ANCHORAGE, Alaska — An Anchorage judge voted off the bench last month will no longer be able to seek judicial office in Alaska, according to an agreement unanimously approved by the Alaska Commission on Judicial Conduct.
The agreement comes after complaints alleging that former Judge Richard Postma, with the state’s Third Judicial District, engaged in unprofessional communications and was unfit to be a judge.
The conduct commission began disciplinary hearings Wednesday, but quickly went into recess for negotiations. According to the commission, Postma accepted the facts as legal proof to support the charges against him.
Other stipulations require that Postma be publicly censured for the charges, and that he drop state and federal discrimination lawsuits filed against the court system, the Alaska Judicial Council and several court employees.
Postma had contended that he was subjected to ethnic stereotyping and unprofessional statements which caused him to suffer from anxiety.
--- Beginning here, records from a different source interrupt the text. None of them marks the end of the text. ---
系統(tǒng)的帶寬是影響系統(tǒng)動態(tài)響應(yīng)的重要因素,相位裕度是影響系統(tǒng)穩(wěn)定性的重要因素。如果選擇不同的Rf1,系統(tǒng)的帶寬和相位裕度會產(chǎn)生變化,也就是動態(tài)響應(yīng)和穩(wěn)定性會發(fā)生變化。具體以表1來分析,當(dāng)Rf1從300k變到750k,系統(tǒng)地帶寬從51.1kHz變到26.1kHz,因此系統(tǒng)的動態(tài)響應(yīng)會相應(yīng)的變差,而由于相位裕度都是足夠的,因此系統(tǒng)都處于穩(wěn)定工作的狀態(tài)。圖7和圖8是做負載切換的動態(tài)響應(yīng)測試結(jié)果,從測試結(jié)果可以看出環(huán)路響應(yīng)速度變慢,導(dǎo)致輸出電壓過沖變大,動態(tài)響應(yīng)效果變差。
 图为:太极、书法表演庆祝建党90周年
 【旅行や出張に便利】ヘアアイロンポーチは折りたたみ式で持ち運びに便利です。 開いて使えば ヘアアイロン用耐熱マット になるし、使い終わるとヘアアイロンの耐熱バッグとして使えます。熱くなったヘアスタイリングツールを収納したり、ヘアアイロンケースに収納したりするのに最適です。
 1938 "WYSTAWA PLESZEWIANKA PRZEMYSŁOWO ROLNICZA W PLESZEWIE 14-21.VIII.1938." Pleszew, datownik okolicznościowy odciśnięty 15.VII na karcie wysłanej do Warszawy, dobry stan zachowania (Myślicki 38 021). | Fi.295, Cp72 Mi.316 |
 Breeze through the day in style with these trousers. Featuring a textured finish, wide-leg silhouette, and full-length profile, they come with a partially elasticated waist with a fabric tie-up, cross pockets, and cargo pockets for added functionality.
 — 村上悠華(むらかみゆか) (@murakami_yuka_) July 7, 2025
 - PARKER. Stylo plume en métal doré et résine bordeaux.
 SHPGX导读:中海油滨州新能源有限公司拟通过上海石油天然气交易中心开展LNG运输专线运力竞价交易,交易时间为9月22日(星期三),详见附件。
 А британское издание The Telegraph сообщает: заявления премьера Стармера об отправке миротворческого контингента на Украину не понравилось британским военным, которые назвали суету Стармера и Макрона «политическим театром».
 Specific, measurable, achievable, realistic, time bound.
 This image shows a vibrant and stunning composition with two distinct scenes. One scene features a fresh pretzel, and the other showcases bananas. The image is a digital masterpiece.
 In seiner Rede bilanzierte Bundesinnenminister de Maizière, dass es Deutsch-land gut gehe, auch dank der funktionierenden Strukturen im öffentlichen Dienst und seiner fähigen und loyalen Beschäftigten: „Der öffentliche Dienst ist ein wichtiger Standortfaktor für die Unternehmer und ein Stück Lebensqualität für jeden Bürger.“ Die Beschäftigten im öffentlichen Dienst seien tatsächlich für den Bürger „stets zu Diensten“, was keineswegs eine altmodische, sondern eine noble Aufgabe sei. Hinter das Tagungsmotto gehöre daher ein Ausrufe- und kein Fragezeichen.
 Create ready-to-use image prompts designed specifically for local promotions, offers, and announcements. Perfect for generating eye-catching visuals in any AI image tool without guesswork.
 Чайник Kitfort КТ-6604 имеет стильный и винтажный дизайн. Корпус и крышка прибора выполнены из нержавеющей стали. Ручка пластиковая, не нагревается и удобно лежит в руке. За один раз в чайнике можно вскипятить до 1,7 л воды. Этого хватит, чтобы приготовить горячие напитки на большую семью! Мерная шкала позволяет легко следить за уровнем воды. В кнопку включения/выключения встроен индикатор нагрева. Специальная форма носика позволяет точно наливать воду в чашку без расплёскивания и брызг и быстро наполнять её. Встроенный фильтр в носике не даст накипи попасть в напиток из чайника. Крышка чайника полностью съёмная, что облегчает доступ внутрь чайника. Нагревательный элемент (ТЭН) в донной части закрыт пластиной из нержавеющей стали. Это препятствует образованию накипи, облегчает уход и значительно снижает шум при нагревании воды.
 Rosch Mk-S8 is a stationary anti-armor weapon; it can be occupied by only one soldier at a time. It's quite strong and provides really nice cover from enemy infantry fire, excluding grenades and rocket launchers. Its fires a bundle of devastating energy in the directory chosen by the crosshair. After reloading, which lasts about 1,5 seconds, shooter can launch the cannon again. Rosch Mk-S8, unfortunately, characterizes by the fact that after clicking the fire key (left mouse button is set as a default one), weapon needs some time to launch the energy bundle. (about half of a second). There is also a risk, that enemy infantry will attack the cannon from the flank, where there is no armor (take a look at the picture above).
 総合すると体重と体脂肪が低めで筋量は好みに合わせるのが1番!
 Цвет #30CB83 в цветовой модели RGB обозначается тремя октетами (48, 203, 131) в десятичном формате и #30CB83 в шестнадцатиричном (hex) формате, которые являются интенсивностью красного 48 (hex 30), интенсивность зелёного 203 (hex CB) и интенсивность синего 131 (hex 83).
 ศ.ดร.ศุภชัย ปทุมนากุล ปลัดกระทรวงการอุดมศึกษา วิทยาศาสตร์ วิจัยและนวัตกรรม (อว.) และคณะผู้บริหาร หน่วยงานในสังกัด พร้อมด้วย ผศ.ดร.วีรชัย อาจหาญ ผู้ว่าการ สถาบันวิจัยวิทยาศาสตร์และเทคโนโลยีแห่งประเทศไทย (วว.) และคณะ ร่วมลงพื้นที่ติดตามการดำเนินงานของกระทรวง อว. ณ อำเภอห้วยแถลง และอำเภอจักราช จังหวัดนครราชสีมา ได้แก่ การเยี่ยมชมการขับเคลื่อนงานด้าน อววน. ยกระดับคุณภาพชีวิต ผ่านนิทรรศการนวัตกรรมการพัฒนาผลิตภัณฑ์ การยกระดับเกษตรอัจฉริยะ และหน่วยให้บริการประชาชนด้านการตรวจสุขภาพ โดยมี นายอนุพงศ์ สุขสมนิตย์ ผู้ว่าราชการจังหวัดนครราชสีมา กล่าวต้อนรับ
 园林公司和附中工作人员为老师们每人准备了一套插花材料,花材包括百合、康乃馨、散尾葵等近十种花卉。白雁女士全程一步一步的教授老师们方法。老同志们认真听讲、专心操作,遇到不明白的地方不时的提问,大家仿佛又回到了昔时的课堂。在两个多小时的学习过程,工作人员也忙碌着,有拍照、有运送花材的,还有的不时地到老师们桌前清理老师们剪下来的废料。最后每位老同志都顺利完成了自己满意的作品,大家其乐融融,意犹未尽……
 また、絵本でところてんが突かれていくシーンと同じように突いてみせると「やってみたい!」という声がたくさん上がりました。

Postma’s attorney, Thomas Van Flein, says he would have been able to provide a defense to the charges if the hearing had gone forward.
“Judge Postma believes that the damage to his reputation has already been done, and there’s nothing that can be said or resolved in this hearing that would return him his reputation, so that was another reason that he considered in resolving this,” Van Flein said.
“In addition, there were provisions that information that has been posted on his retention-related websites, that those websites be taken down,” said the commission’s Marla Greenstein.
The agreement now has to be approved by the Alaska Supreme Court.